Re: Nimble storage monitoring with check_mk or snmp

Here's the code that assumes milliseconds instead of seconds. The values it produces are consistent.

#

# Nimble Volume Check (Supports inventory and performance data)

#

# Author: Rohan Fallon and Patrick Gavin

#

# FileName: nimble_vol

# Location: ~/local/share/check_mk/checks

# Usage:  cmk --checks  nimble_vol -II rgtnimbleprod

#

#

    

nimble_default_values = (95.0, 98.0)

    

    

def inventory_nimble_vol(info):

   # Debug: lets see how the data we get looks like

   # print info

   # return []

   for vol, volsize, volusage, state, connections, stat_time, read_ops, read_bytes, write_ops, write_bytes in info:

       if state == "1":

          yield (vol, nimble_default_values)

    

def check_nimble_vol(item, params, info):

   # unpack check parameters

   warn, crit = params

   for vol, volsize, volusage, state, connections, stat_time, read_ops, read_bytes, write_ops, write_bytes in info:

      if vol == item:

         if state == "1":

            stat_secs = int(stat_time) / 1000

            size_gb = int(volsize) / 1024.0

            usage_gb = int(volusage) / 1024.0

            usage_percent = float(volusage) / float(volsize) * 100.0

            read_iops = get_rate("read_ops.%s" % item, stat_secs, int(read_ops))

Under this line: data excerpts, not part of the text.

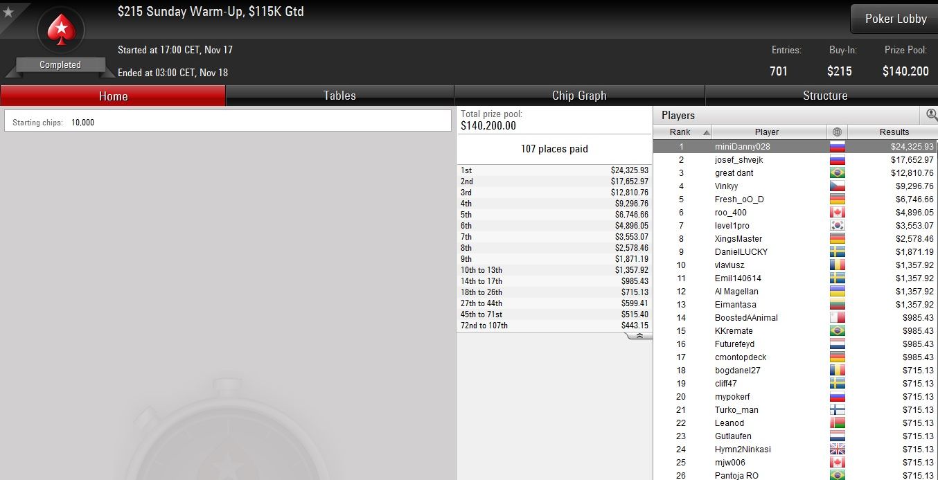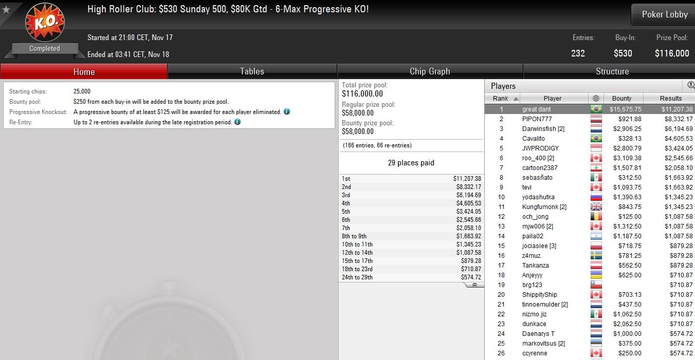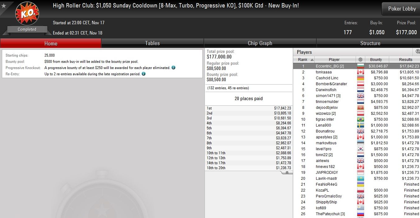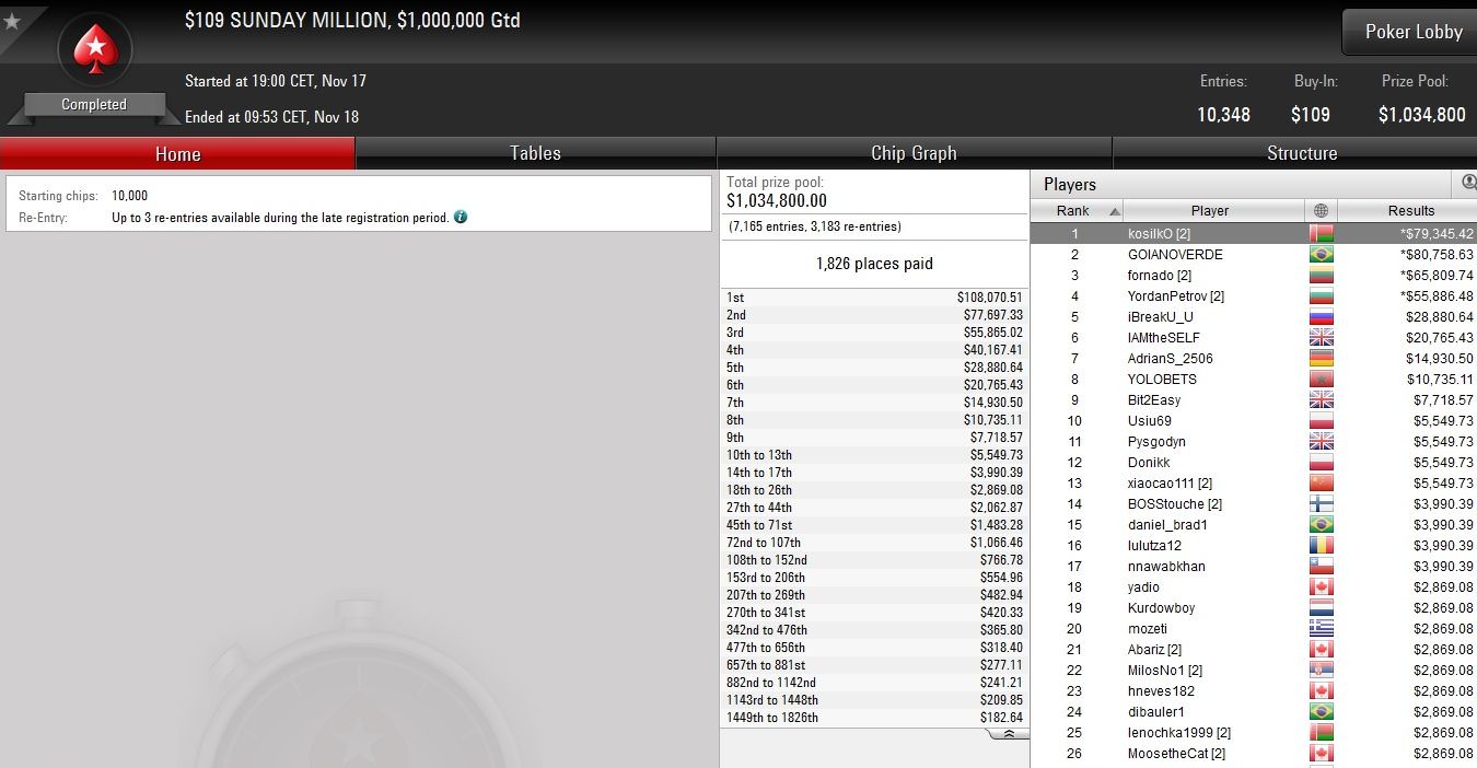 An Preisgeldern kamen so rund $95.000 zusammen, was nicht einmal von den Gewinnern der Sunday Million getoppt wurde.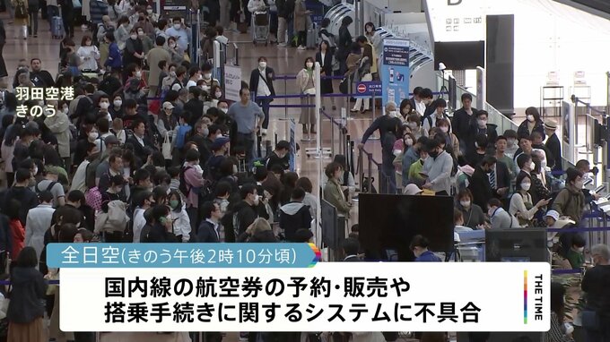 きのう、全日空の国内線の搭乗手続きなどを行うシステムに不具合が起き、羽田を発着する便を中心に55便が欠航しました。全日空によりますと、きのう午後2時10分ごろ、国内線の航空券の予約・販売や搭乗手続きに関…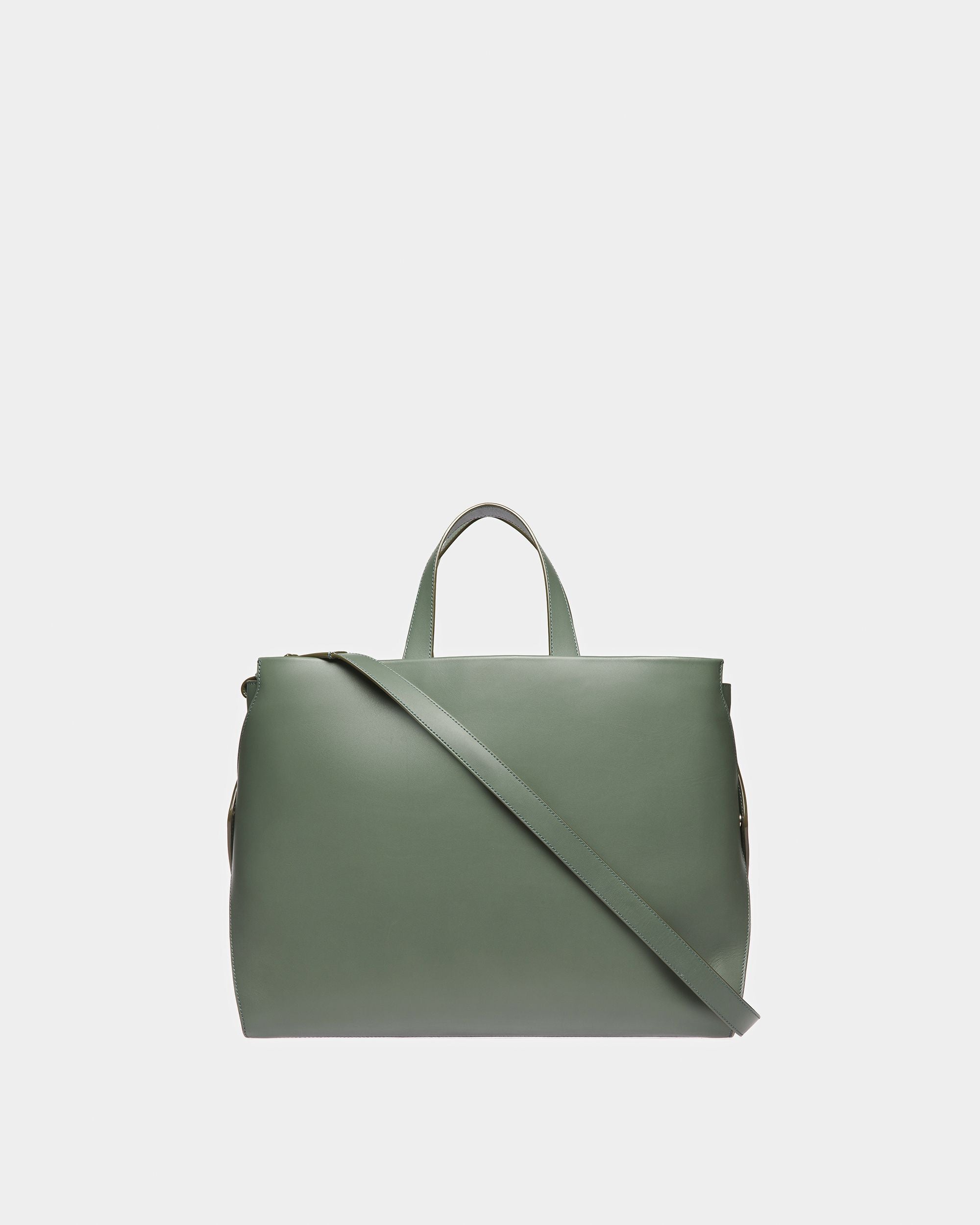 A cool sage tone updates a classic leather tote form, resulting in the Arbona.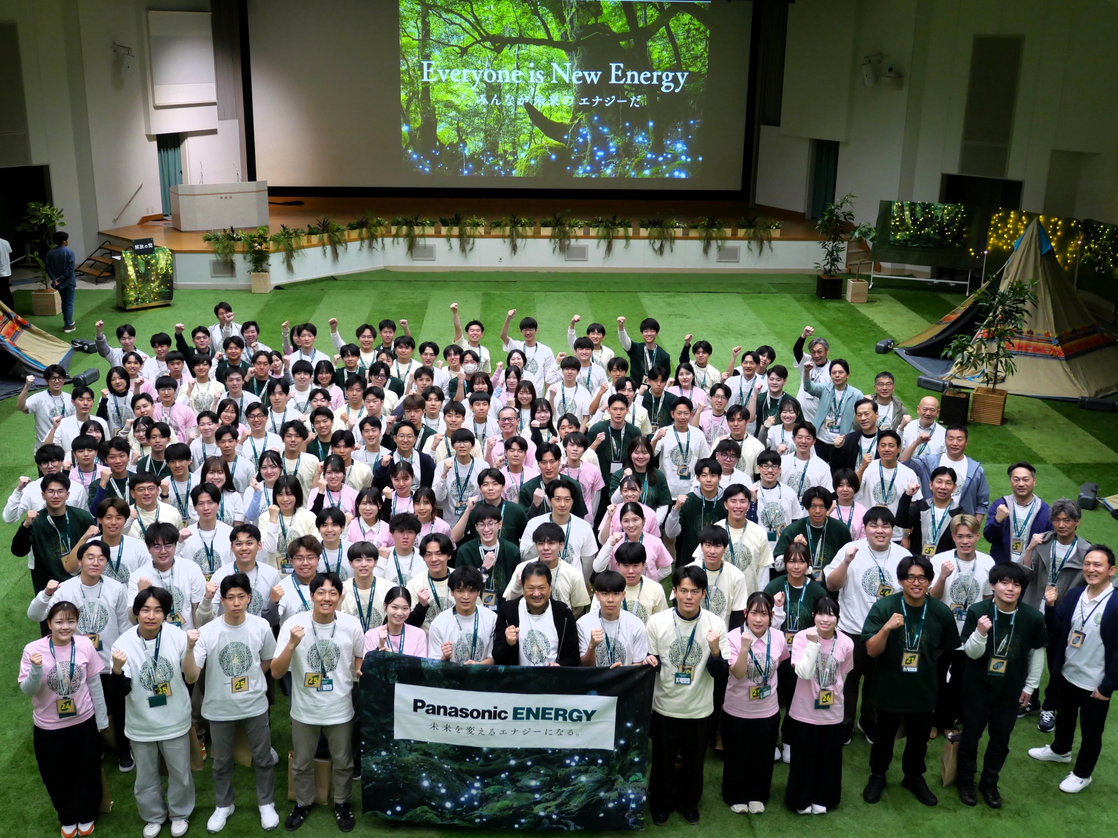 パナソニック エナジー株式会社(以下、パナソニック エナジー)は、本日、2026年4月1日、2026年度定期採用の新入社員139名を対象とした入社式(ウェルカムセレモニー)を実施しました。2026年度は、パナソニック エナジー初の試みとして、入社1~2年の若手社員の公募プロジェクトにより入社式を企画。森の中のキャンプ場に見立てて人工芝生やテントを張った会場に、アウトドアをイメージした服装で参加するなど、従来の入社式とは大きく異なる構成としました。
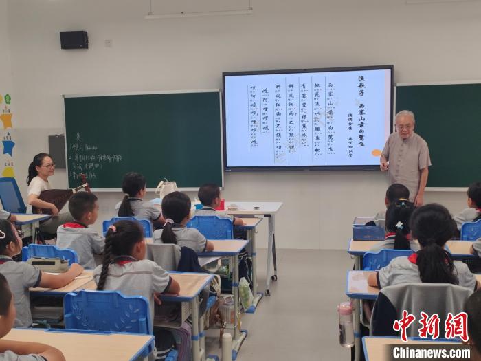 2024年10月,臺灣南音藝術家卓圣翔在廈門市翔安區(qū)實驗學校教授音樂課。 (羅純禎 供圖)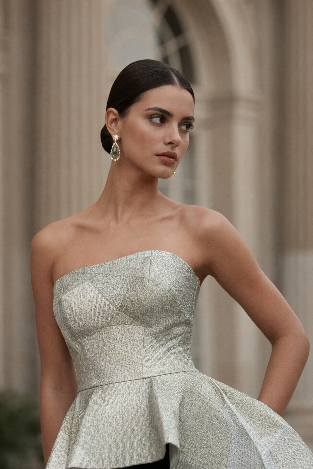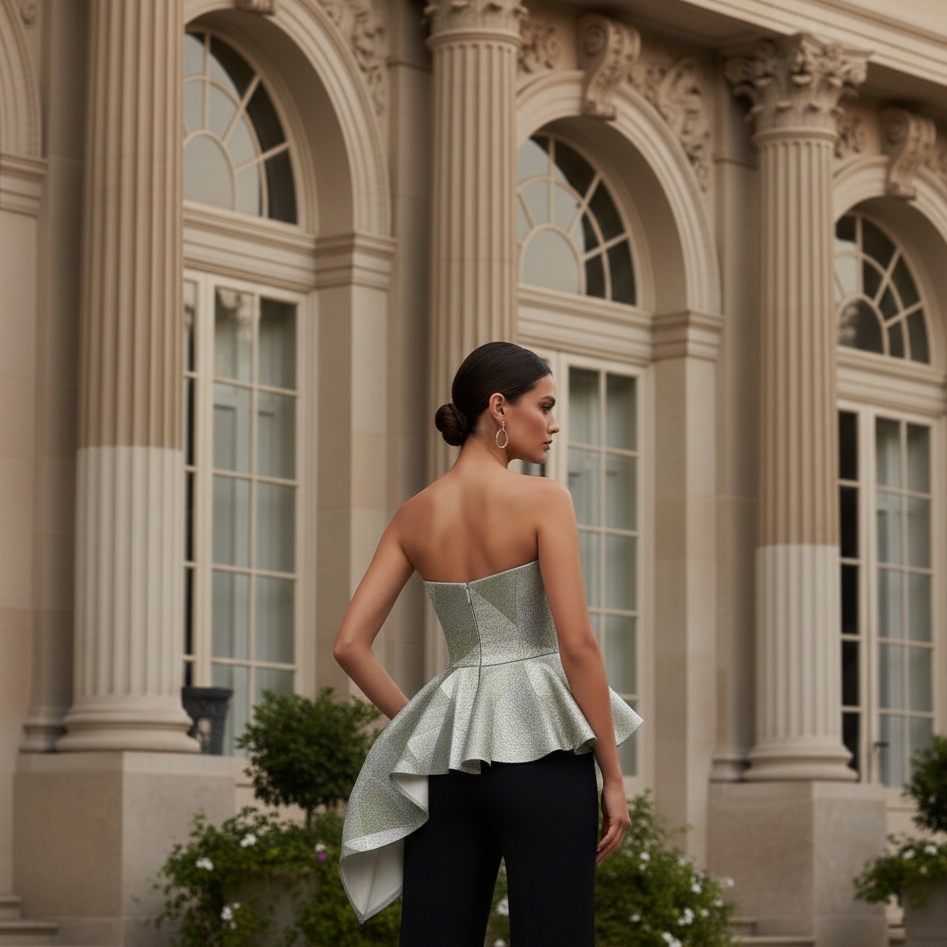 At the waist, the design flares into a dramatic, asymmetrical peplum, with one side extending longer in a sculptural drape.

            write_iops = get_rate("write_ops.%s" % item, stat_secs, int(write_ops))

            read_bw = get_rate("read_bytes.%s" % item, stat_secs, int(read_bytes))

            write_bw = get_rate("write_bytes.%s" % item, stat_secs, int(write_bytes))

            perfdata = [ ("percent", usage_percent, warn, crit ),

                        ("connections", connections, 0, 0),

                        ("read_iops", read_iops, 0, 0),

                        ("write_iops", read_iops, 0, 0),

                        ("read_bandwidth", read_bw, 0, 0),

                        ("write_bandwidth", write_bw, 0, 0),

                     ]

            if usage_percent > crit:

               return (2, "CRITICAL - Volume online - Connections = " + connections  + " - Size = " + str(size_gb) + "Gb - Usage = " + "{0:6.2f}".format(usage_percent)+ "%", perfdata )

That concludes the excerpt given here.